Wednesday, February 22, 2017

There is No Good Card for This

You have been there--on the giving end or the receiving end…

It's either "What should I say..?"

OR

"I can't believe they said that!"


Kelsey Crowe wrote a book to capture those moments and to help the rest of us not put foot in mouth…
no platitudes, alternatives to lasagna, and ways to be supportive with out reaching for bizarre mixed metaphors and saccharine sayings.

Here's the link t the interview on NPR last week. When you hear this you'll want her book, and you'll want to start making your own honest greeting cards.

Take a listen:
http://www.npr.org/2017/02/13/514164179/there-is-no-good-card-for-this-what-to-say-when-condolences-isnt-enough

The book is called: There's No Good Card for This.

Saturday, February 11, 2017

Rails to Recovery

One of the big and unexpected expenses that comes with cancer is transportation. Whether is is the extra gas money for driving to chemo three times a week, or needing to take taxis because the bus just won't work when you feel so ill, or having to travel to a different city for treatment or consultation. That money adds up. 

And folks who are offering you lasagna or babysitting typically don't offer  train fare.

But I've just learned that Amtrak does!

Amtrak's Empire Service partners with Voices of Hope (a collaboration of cancer service agencies) offers discounted rates and free companion fares for cancer patients and caregivers traveling within New York State. This means you can use this fare to get downstate to Mount Sinai or Sloan Kettering in NYC, or come Upstate to St. Peter's or Albany Medical Center or NYOH. 

You can get the specific details at Rails to Recovery on the main Amtrak site or click on the link below for Voices of the Capital Region. The staff navigator at your cancer treatment center should also have this info--and if not please share so that otters can learn too.

Here's the link:
http://www.voicesofthecapitalregion.org/rails-to-recovery

Thursday, February 2, 2017

But I Was Only Trying to Be Helpful

Oh, you know this feeling: You were only trying to be helpful, or to be kind, or to brighten her day. But it turns out that you were unkind, insensitive or even hurtful. How does that happen?

When talking to someone who has cancer, or the caregiver of someone with cancer, it’s not always easy to say the right thing. They have cancer but you can all too easily have foot-in-mouth disease.

The short answer to this dilemma is: Listen more. Talk less. Or, ask before you talk. That one translates as, “May I ask about how you are doing?” or “May I ask about your treatment?” or even, “Do you want to talk about your health—or would you rather hear the gossip from work?”

There is no perfect advice nor a perfect thing to say when you hear that someone has
cancer. If you have met one person with cancer, you met one person with cancer. Some folks will want to talk and talk about details and medical info. Some folks want to talk only to their doc, or partner, or support group. And no, you don’t get to nominate yourself to be part of the support group: it’s by invitation only.

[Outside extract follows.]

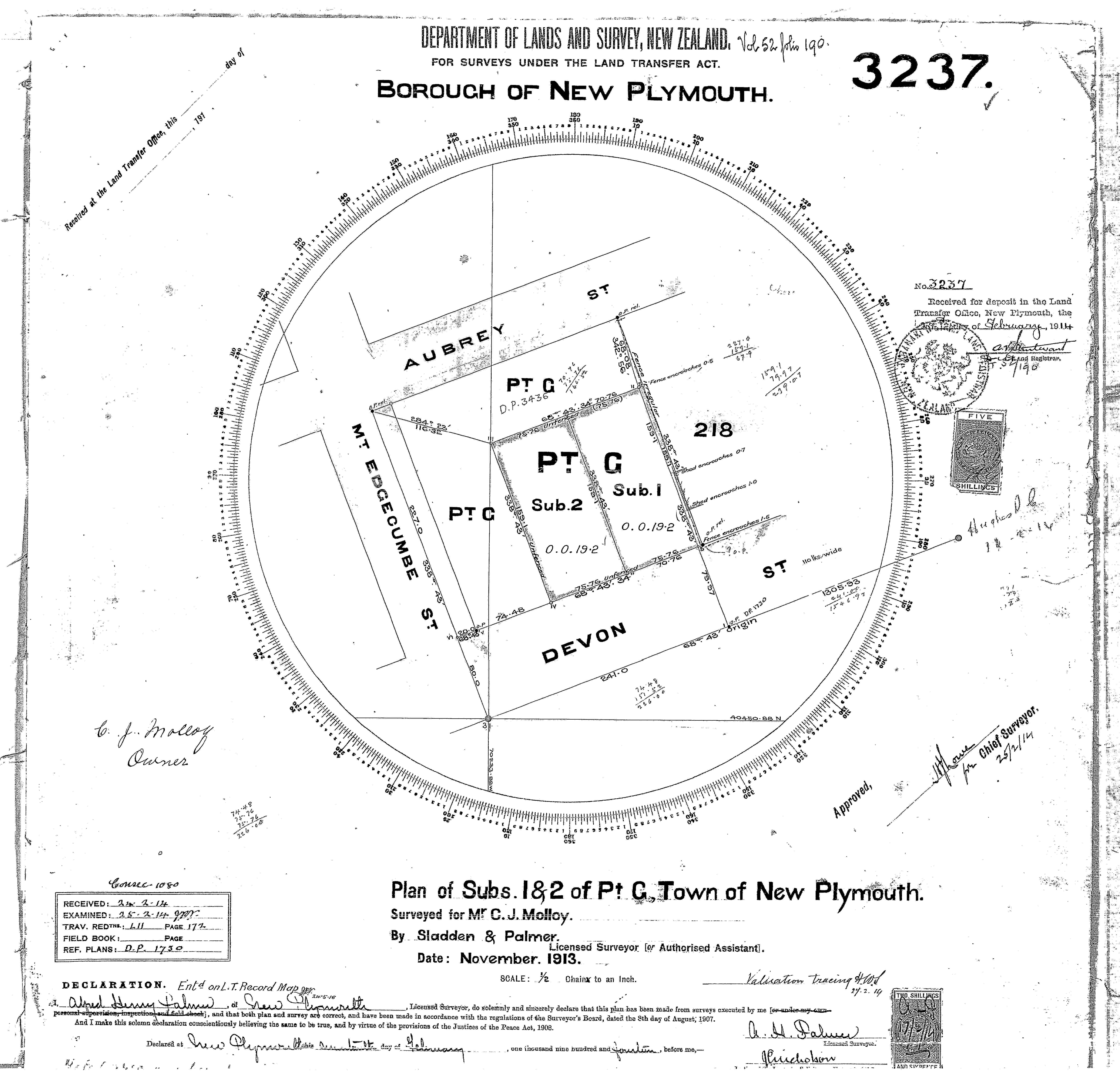 Taranaki (Lot 2) DP3237 Sheet 1 (1913), ICS Pre 300,000 Cadastral Plan Index (Imaged by LINZ)

But I know, I know, I know how deeply tempting it is, especially if you have cancer or you are a caregiver. And you often do have great advice and perspective. You just don’t get to slosh it all over someone with out asking permission. I stumble into this all the time. I mean, here I am blogging about couples and cancer: I read the research, I interview experts, I know some stuff-- so I’m always tempted. But I try to keep it here on the blog—mostly.

Also be careful with optimism. It’s great that your personality tips that way but saying, “Everything’s going to be great” may not be true, and now your friend knows they can’t confide in you or they know that, as Jack Nicolson said in the movie A Few Good Men, “You can’t handle the truth.”

Let the person with cancer lead the conversation. Offer news and updates on your life and the things that your common field of interest suggests. Take your lead on their language about cancer as well: If they are battling cancer or in a war with cancer you can use military lingo, but if they are not using militaristic metaphors, lay off—even if that is what you got you through your chemo. 

All of this requires powerful listening skills, and caring. So have a little talk with yourself before you talk to your friend.